Opinion
February 4, 1963
Joseph M. Schwartz for petitioner.
Louis J. Lefkowitz, Attorney-General, for respondent.
In this article 78 of the Civil Practice Act proceeding the petitioner seeks to compel a Judge of the Criminal Court of the City of New York who denied his motion to suppress alleged illegally obtained evidence to sign and file a formal order. Petitioner does not dispute that respondent's opinion denying his motion has been filed and that the back of the information bears the notation that the motion was denied followed by the Judge's signature.
The respondent moves by cross motion to dismiss the petition for legal insufficiency contending that article 78 is not available to petitioner under the foregoing facts.
Mandamus is only available to enforce an administrative act positively required to be done by a provision of law and the petitioner must show a clear legal right to such relief ( Matter of Walsh v. La Guardia, 269 N.Y. 437). This the petitioner has failed to do.
The Code of Criminal Procedure establishes the practice in all criminal cases and the authority for the orders and judgments of the courts. And unless we can find there some justification for an order of the court it does not exist ( People ex rel. Hirschberg v. Orange County Ct., 271 N.Y. 151, 155).
There is no provision in the Code of Criminal Procedure for the entry of a formal intermediate order in a criminal proceeding. However, this court takes judicial notice of the fact that in the criminal courts of the City of New York (formerly the Court of Special Sessions) the disposition of motions is indorsed on the back of the information filed in that court and signed by the Presiding Justice and that these decisions are reviewable on appeal as part of the judgment of conviction.
The case of People v. Baker ( 280 App. Div. 899), cited by petitioner in support of his application, is inapposite. That case concerned an appeal from a conviction upon defendant's plea of guilty to the crime of assault in the third degree in the former County Court of Kings County and for which he was sentenced to imprisonment in the New York City Penitentiary. An appeal from the sentence and from "the denial of the motion made after conviction" was dismissed, the court holding: "No appeal lies from the sentence (Code Crim. Pro., § 517), and no order denying any motion made after conviction is printed in the record." (Italics added.)
Subdivision 3 of section 517 of the Code of Criminal Procedure provides in its pertinent parts as follows: "Upon any appeal from a judgment on a conviction any actual decision of the court in an intermediate order or proceeding forming a part of the judgment-roll * * * may be reviewed."

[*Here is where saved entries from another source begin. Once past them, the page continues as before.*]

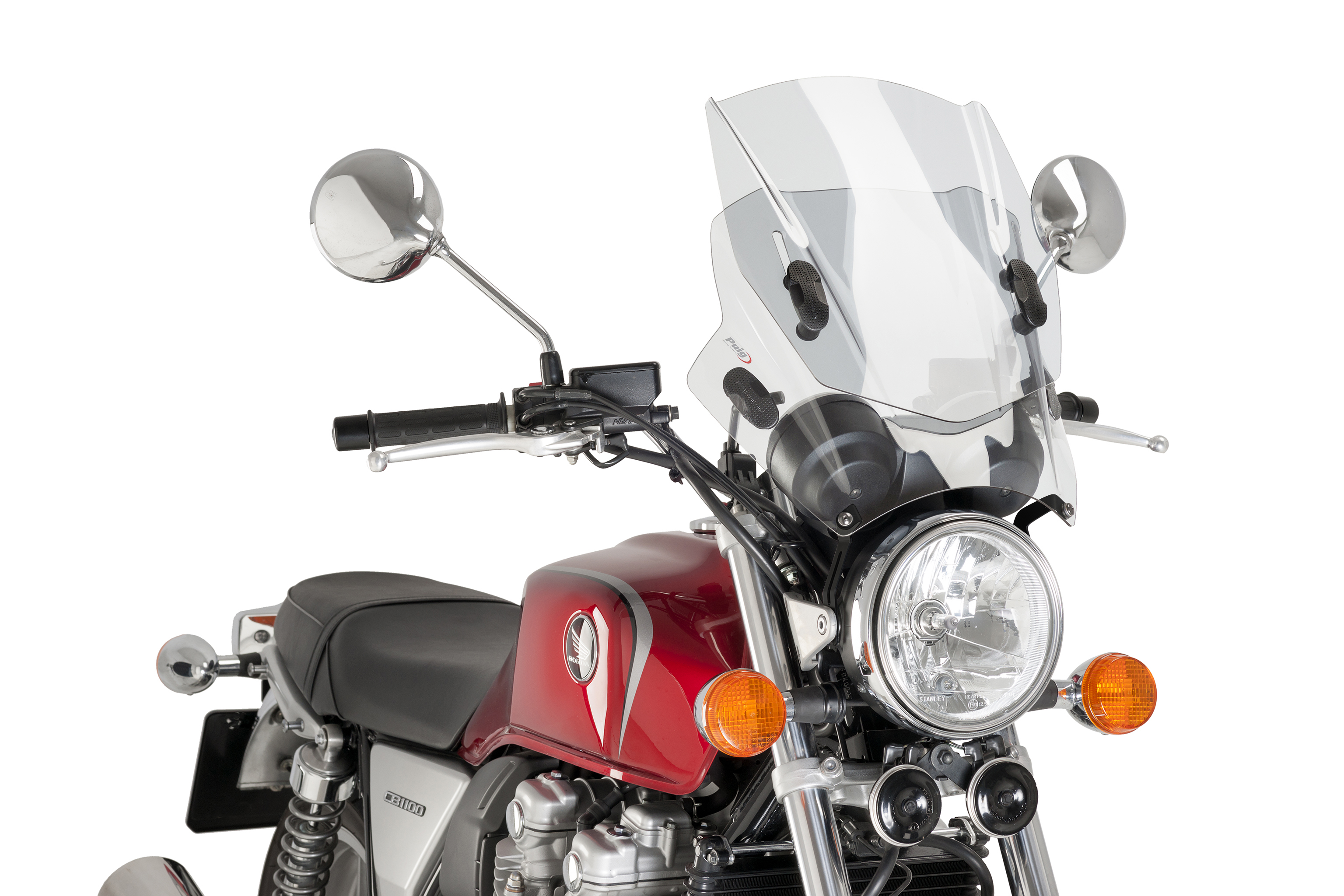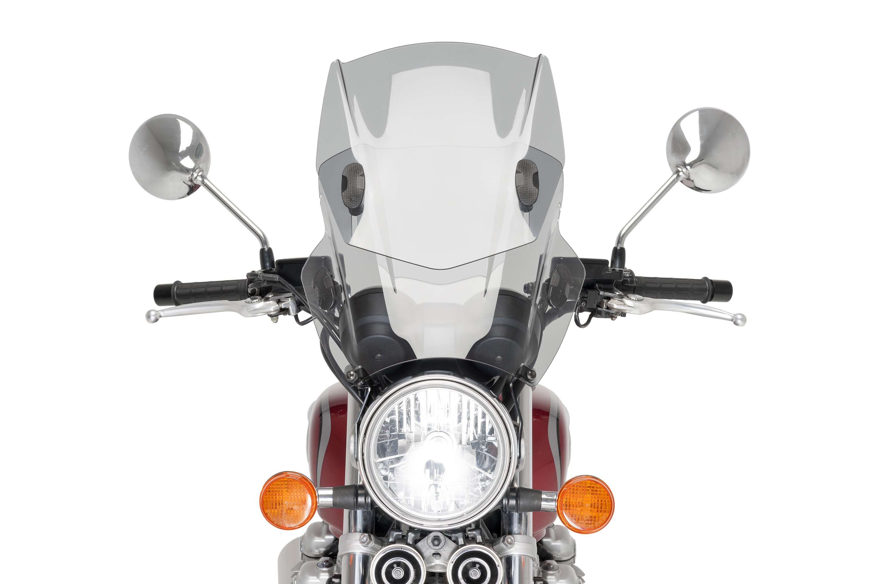 Erneuern Sie das Erscheinungsbild Ihres Motorrads mit runden Scheinwerfer indem Sie die innovative Up & Down-Windschutzscheibe der Marke Puig montieren. Hergestellt aus 3mm schlagfestem Acrylmaterial, das es sehr widerstandsfähig gegen Stöße und Witterungseinflüsse macht, zeichnet sich dieses Produkt durch sein vielseitiges Design und seine einfache Montage aus. Die beiden zusammengefügten Scheiben erlauben es Ihnen, die Höhe der Verkleidung zu regulieren und so noch besser vor Wind zu schützen.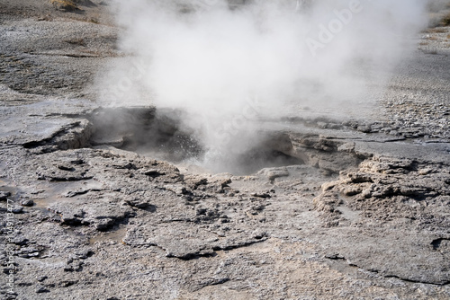 an active geyser spring with an intermittent discharge of water ejected turbulently and accompanied by steam
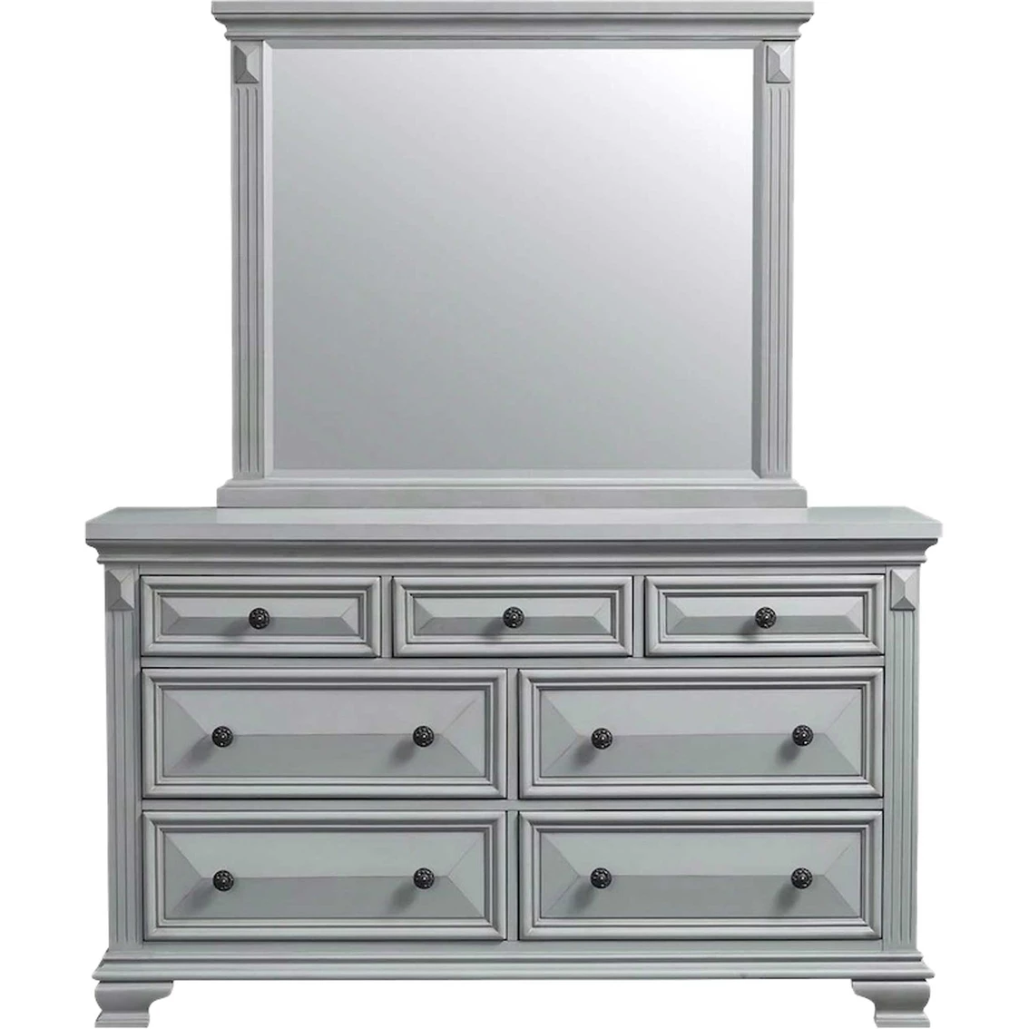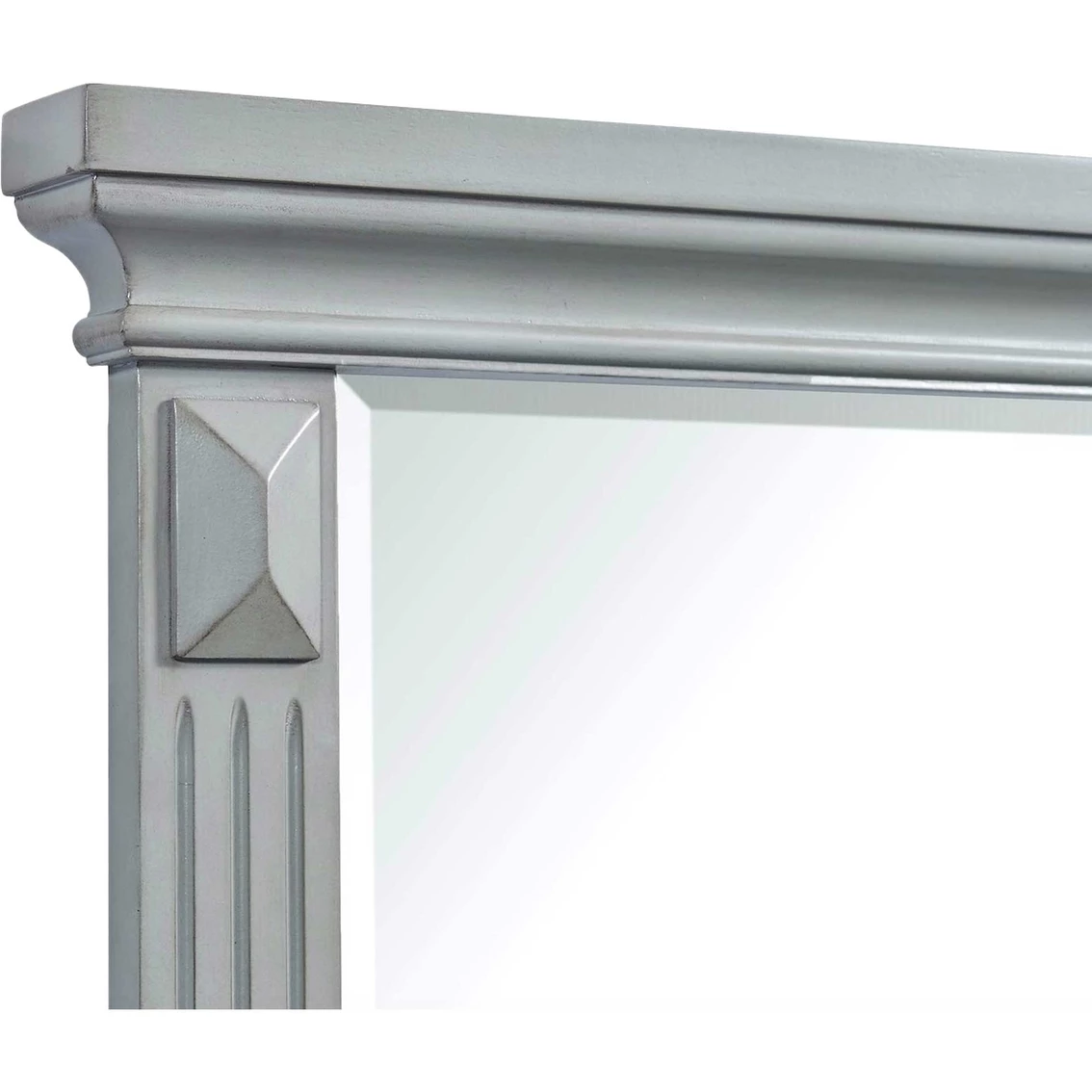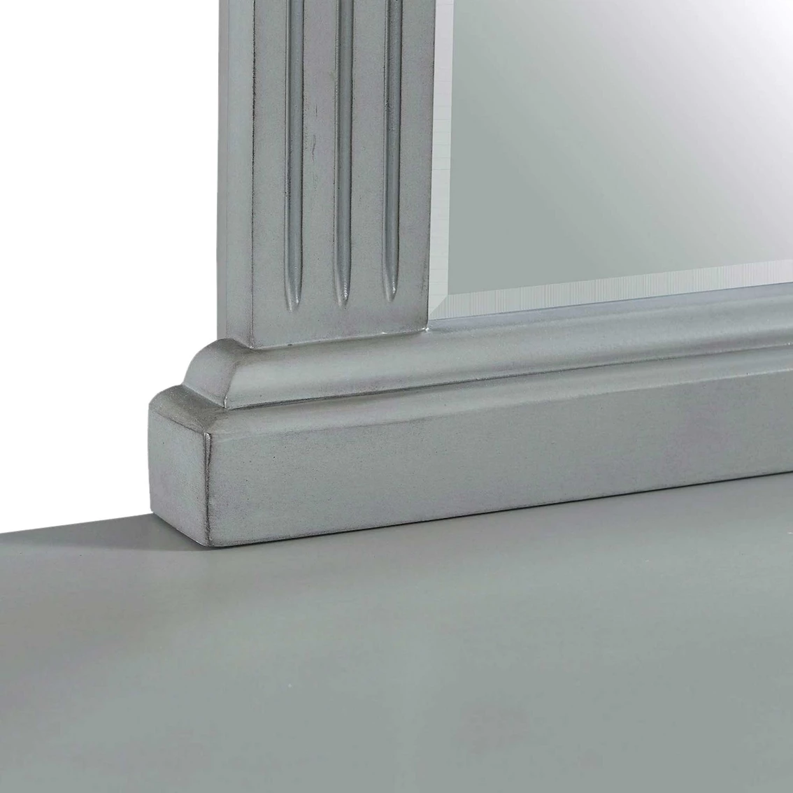 The Calloway Grey Mirror from Elements is a show-stopper with its beautiful, beveled wood detailing. The grey lacquer, 13-step finish provides warmth and comfort within any bedroom. Model: CY300MR.

No appeal lies from the intermediate order denying the defendant's motion to suppress prior to conviction.
In People v. Rudnick ( 280 N.Y. 5, 8) in a Per Curiam opinion it was held:
"The defendant moved to dismiss the information `on the ground that the facts stated therein do not constitute a violation of section 114 Work. Comp. of the Workmen's Compensation Law of the State of New York nor a crime under any law of this State.' We think this motion was the equivalent of a demurrer to the information. (Code Crim. Pro., §§ 323, subd. 2, 324.) The Presiding Justice of the Court of Special Sessions entered upon the information the following indorsement: `Motion to dismiss denied.' Since we think this entry was sufficient as an order disallowing the demurrer (Code Crim. Pro., § 326), the actual decision thereby made must be reviewed on this appeal. (Code Crim. Pro., §§ 485, subd. 2, 517.) [Italics added.]
"We hold that the facts stated in the information constitute the misdemeanor defined by section 114 Work. Comp. of the Workmen's Compensation Law (Cons. Laws, ch. 67).
"The judgment should be affirmed."
The cross motion of the respondent dismissing the petition herein is granted.